Hello, guys. I’m not a native english speaker, so don’t mind if I wrote something incorrectly (if you find any error or difficulty in what I wrote just inform me, please).
A little ball is hold by a thread of negligible mass which moves round a vertical axis with constant velocity. It keeps a distance of 0,5m from the axis when the anglo θ is equal 30º (as shown in the figure uploaded). The thread goes through a little hole O in a slab and it is slowly pulled up until the angle Θ becomes 60º. What is the thread’s lenght pulled?
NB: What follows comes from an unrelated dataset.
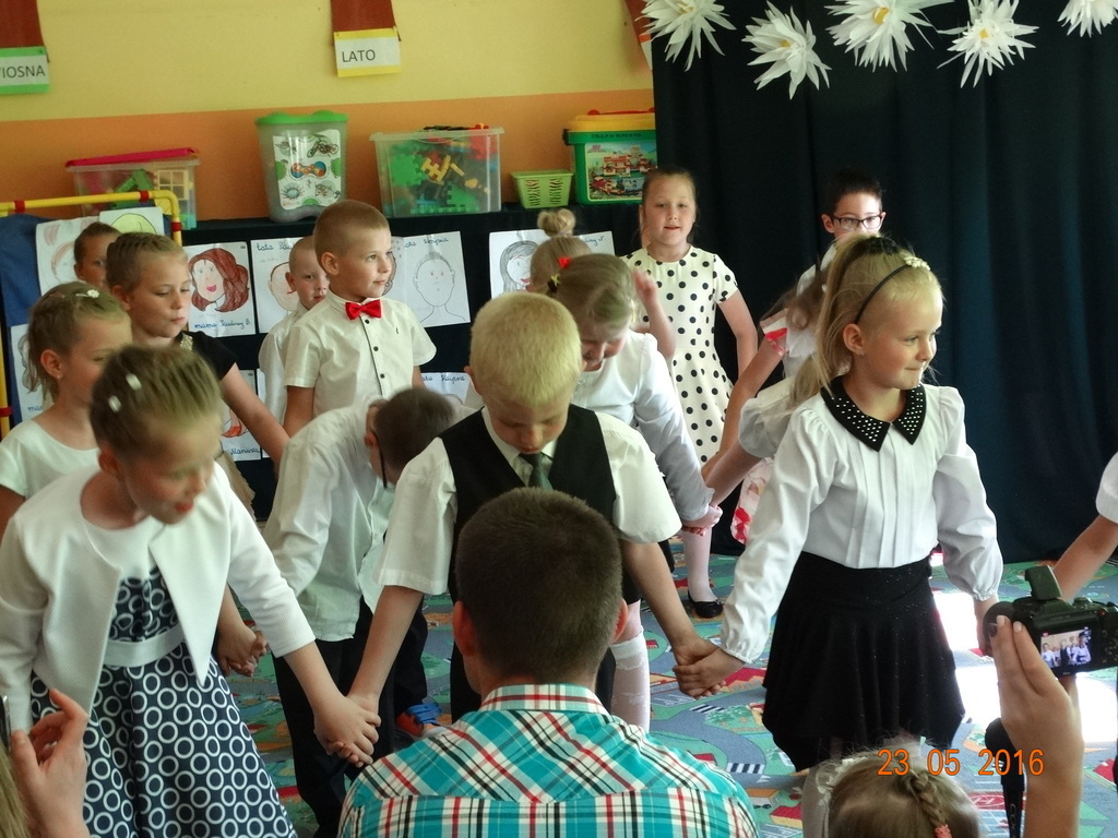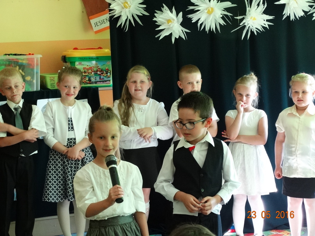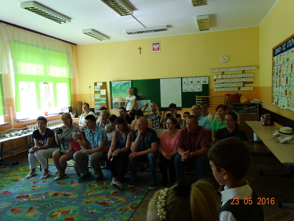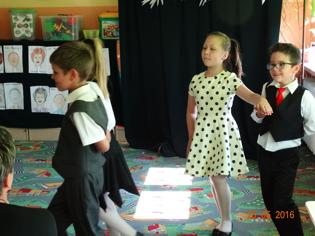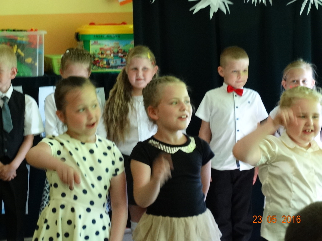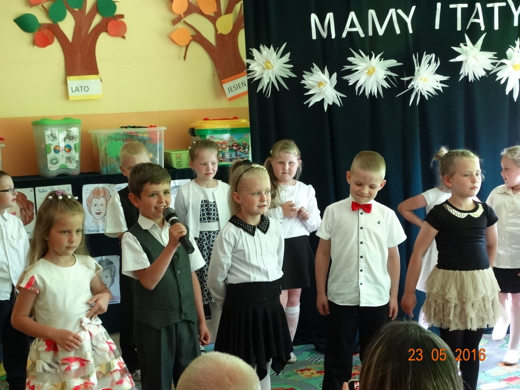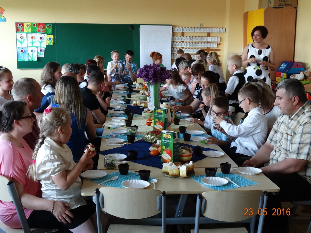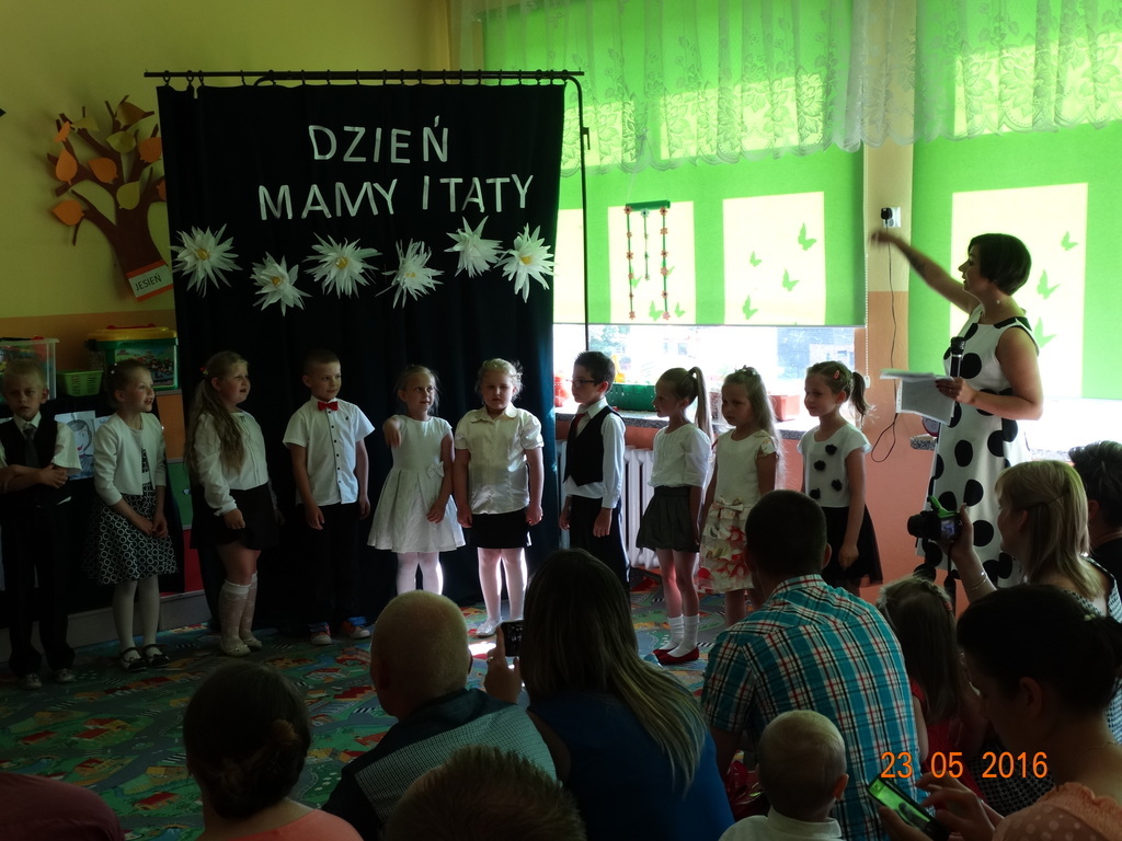 Dzieci z klasy 1a przygotowały uroczystość z okazji nadchodzących rodzinnych świąt: Dnia Mamy i Dnia Taty. Na dzień 23 maja 2016r. zaprosiły rodziców do szkoły, aby zaprezentować im pięknie wyuczone tańce, wierszyki i piosenki. Pierwszaki sprawiły się rewelacyjnie, a rodzicom zakręciła się łezka w oku ze wzruszenia. Po przedstawieniu, dzieci wręczyły rodzicom samodzielnie wykonane prezenty: dla mam - śliczne stroiki w szkle, a dla tatusiów - breloczek do kluczy z filcu. Zakończyliśmy

What is the variation factor of velocity?
2. Relevant equations
L = rxmv, T*senΘ=mv²/R and T*cosΘ-mg = 0
3. The attempt at a solution
I’ve tried solving this question this way:
"let T1 be the tension when θ1=30º, m*g be the weight and v1 be the velocity. Then we can get tg30º = (m*(v1)²/R1)/(mg) = √3/3 => √3/3*g=v²1/R1 (I)
and when Θ=60º we have √3g=v²2/R2. (II)
From these equations I divided I by II:
1/3= (v1/v2)²*R2/R1 and obtained (III). But we threen unknows (v2, R2, v1) and only one equation.
I imagine the angular momentum might conserve in the perpendicular direction to the plane of motion of the mass once it is slowly pulled up, but I have no idea how to apply this.
P.S.: I used R but it is the same in the same meaning as the d in the figure.